Its black facets were partially open, allowing fans and blades of blue light to push out from its core. The Watchkeeper was hundreds of kilometres wide near its blunt tail, the part currently pointing back into space, but its sharp end, almost touching Orison, diminished down through layers of concentric rotating machinery to a scale that was almost within the bounds of human conception. That last kilometre of it was a kind of elephant’s trunk, a thing that corkscrewed and probed.

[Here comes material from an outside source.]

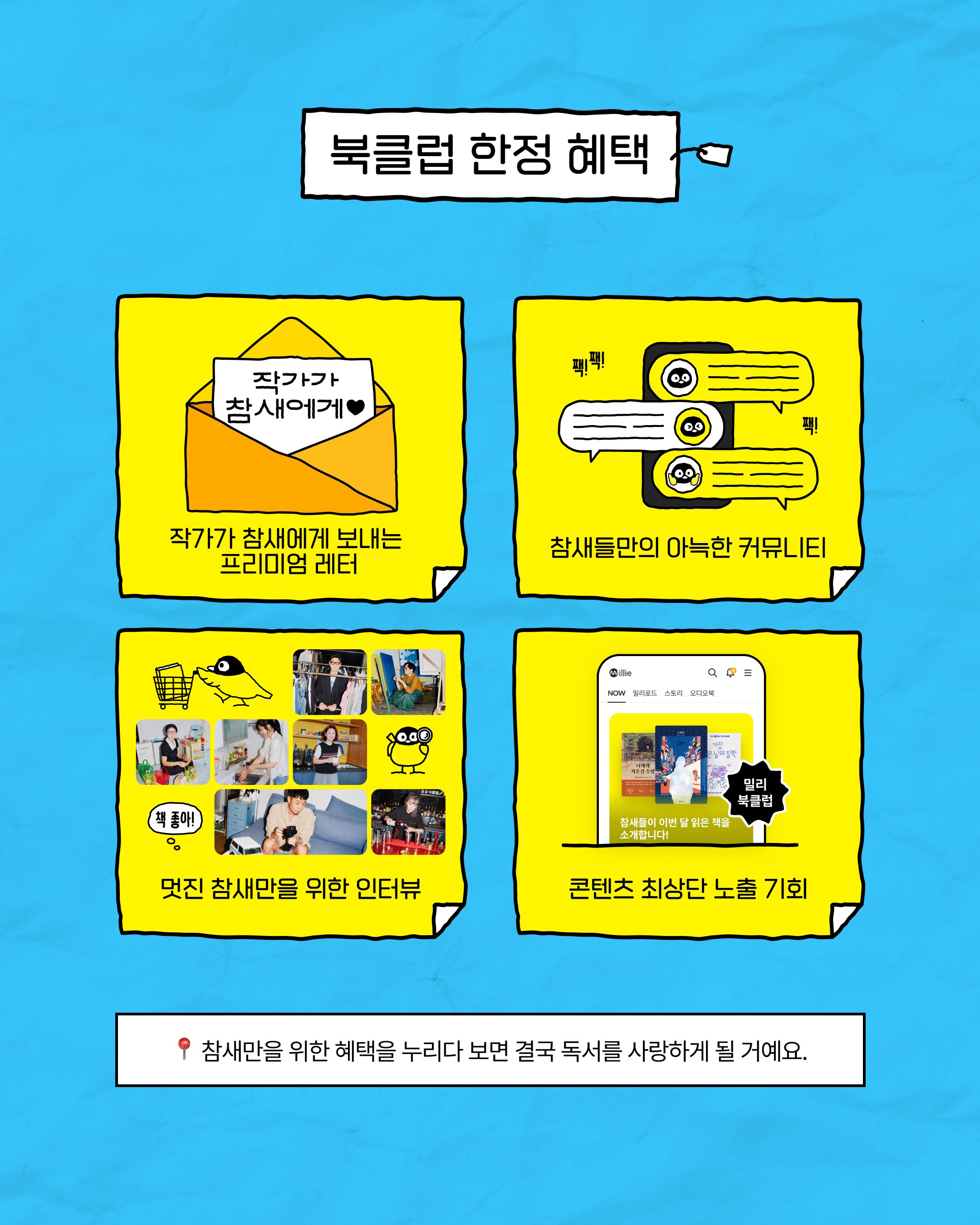 - 북클럽 전용 커뮤니티 활동 및 작가 편지, 우수 참여자 이벤트 등 풍성한 혜택

The trunk lingered above Eunice’s camp. It touched nothing, but showed fleeting interest in the lander, the antennas, the glassed-over chambers where she grew her food, the curious stone kilns of the Risen burial mounds.
The humans and Risen could only watch. The impulse was to go deeper into the warrens of the encampment. But how deep was deep enough when a Watchkeeper was involved? Besides, they needed to know their fate. It was impossible to pull away from the windows, impossible to think about anything other than that looming alien presence. What did it want with them? What did it want, specifically here and specifically now?
An alarm sounded.
An airlock was activating. The momentary fear was that something was trying to get in, but a second’s reflection showed how absurd that was. The Watchkeeper could have peeled back Orison’s crust like a scab if it cared to do so.
No. That alarm was someone going out, not coming in.
‘Where’s Kanu?’ Goma asked.
No one had seen him for some while.
He was nearly under the proboscis when she found the right channel on her suit.
‘Kanu! It’s Goma. What are you doing?’
He walked on for a few paces more, as if he had not heard her. Then he slowed, cast a glance back over his shoulder — light catching the edge of his visor, a hint of his too-familiar profile behind the glass.
‘Doing what an ambassador ought to do, Goma — establishing diplomatic relations. It wants something. One of us, maybe. Well, I think I’m the obvious candidate.’
‘I lost Mposi. I lost Eunice. I won’t lose you.’
‘We’ve all lost more than our share, Goma. But I came to this system to learn something about them. In a way, I’m glad the choice has been so easily made for me. I don’t think I’d have had the courage to go out into space and meet one. But this? It simplifies things a great deal, wouldn’t you agree?’
‘Is it you talking, Kanu, or Swift?’
He sounded amused, curious, in equal measure. ‘Does it matter?’
‘I’d like to know. I’d like to know if it’s a man making this decision or a machine making it for him.’